# David Lee Roth Suffers Martial Arts Injruy.



## arnisador (Sep 23, 2003)

> Singer David Lee Roth has canceled the rest of his tour because of a martial arts accident during a recent performance.
> 
> "It was an incident onstage where he was doing a kung fu maneuver and he got hit with a staff that he uses," spokesman Todd Brodginski said. "He was doing a very fast, complicated 15th-century samurai move."


----------



## pknox (Sep 23, 2003)

Hmmm.  I didn't know the samurai knew kung fu.  You'd think they would have studied something more, eh, Japanese.  

We've all been there.  I know the first time I ever tried using nunchakus I almost knocked myself out -- at least it didn't happen in front of some huge crowd like it did for poor 'ol Diamond Dave.


----------



## Cruentus (Sep 23, 2003)

"Kung Fu" and "15th Century Samurai move"???  

That sounds like another prime example of the media embelishing an incident to make a celeb. look cooler then they are. Everyone in hollywood or in the music industry who is a martial artist is an "expert."  Not that everyone in hollywood isn't good at martial arts or something, but I'll never know how good they really are unless I practice with them; not with the media spin. 

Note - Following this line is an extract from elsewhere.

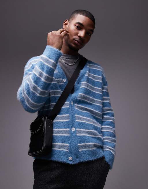 Topman - Cardigan comodo spazzolato blu e bianco a righe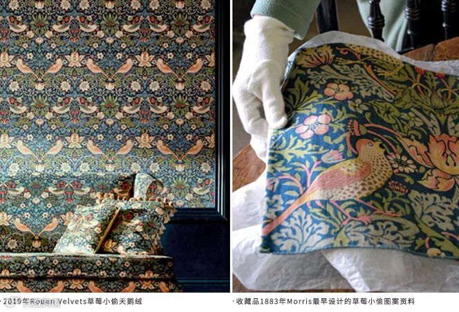 草莓小偷是Morris & Co.公司最具标志性的设计之一。Rouen Velvets系列这种天鹅绒布料的诠释保留了原作同样迷人的细节,仿佛可以看到在花园里迷人、大胆和美丽的偷吃草莓的画眉。

I actually do wonder what the heck he was trying to do, however. Did anyone get it on film?opcorn:


----------



## Cruentus (Sep 23, 2003)

> _Originally posted by pknox _
> *Hmmm.  I didn't know the samurai knew kung fu.  You'd think they would have studied something more, eh, Japanese.
> 
> We've all been there.  I know the first time I ever tried using nunchakus I almost knocked myself out -- at least it didn't happen in front of some huge crowd like it did for poor 'ol Diamond Dave. *



Oh yea...we've all totally been there. No offense to David Lee Roth; S**t happens. I just find it amazing how the media can't say that he was just screwing around with a staff, practicing MA, and he goofed and hit himself. They have to make it look like some death-defying act ("he was doing a very fast, complicated, 15th century Samurai move").:lool:


----------



## arnisador (Sep 23, 2003)

> _Originally posted by PAUL _
> *I just find it amazing how the media can't say that he was just screwing around with a staff, practicing MA, and he goofed and hit himself. They have to make it look like some death-defying act ("he was doing a very fast, complicated, 15th century Samurai move"). *



I wonder if it's that or if it's pure ignorance.


----------



## Cryozombie (Sep 24, 2003)

I can see it now...

David Lee Roth Spins a Mic Stand and knocks himself out... 

David's PR Guy:

"Right Right... No, memba's of the press, it twas not a Mic stand, you ah misinfomed... David, practicing an Ancient Samurai Kung Fu Manuva colled the "Desparing Swollow" accidently yin'ed when e' shoulda yanged' and sustained an injury from 'is staff..."


----------



## arnisador (Sep 24, 2003)

I discourage you from mocking the ancient art of Samurai Kung Fu, which has long been used in the Philippines to defend against the frequent Russian invasions.


----------



## Kroy (Sep 24, 2003)

I cant believe he's still performing!


----------



## pknox (Sep 24, 2003)

> _Originally posted by arnisador _
> *I discourage you from mocking the ancient art of Samurai Kung Fu, which has long been used in the Philippines to defend against the frequent Russian invasions. *



Was that before or after the Brazilians invaded?


----------



## arnisador (Sep 24, 2003)

You're a man who knows his hitsory, *pknox*!


----------



## pknox (Sep 24, 2003)




----------



## Cruentus (Sep 24, 2003)

> _Originally posted by pknox _
> *Was that before or after the Brazilians invaded?  *



No, because if you remember, the Brizilians invaded Spain first, thus starting the Crusades. Damn indiginous people and there dreams of manifest destiny!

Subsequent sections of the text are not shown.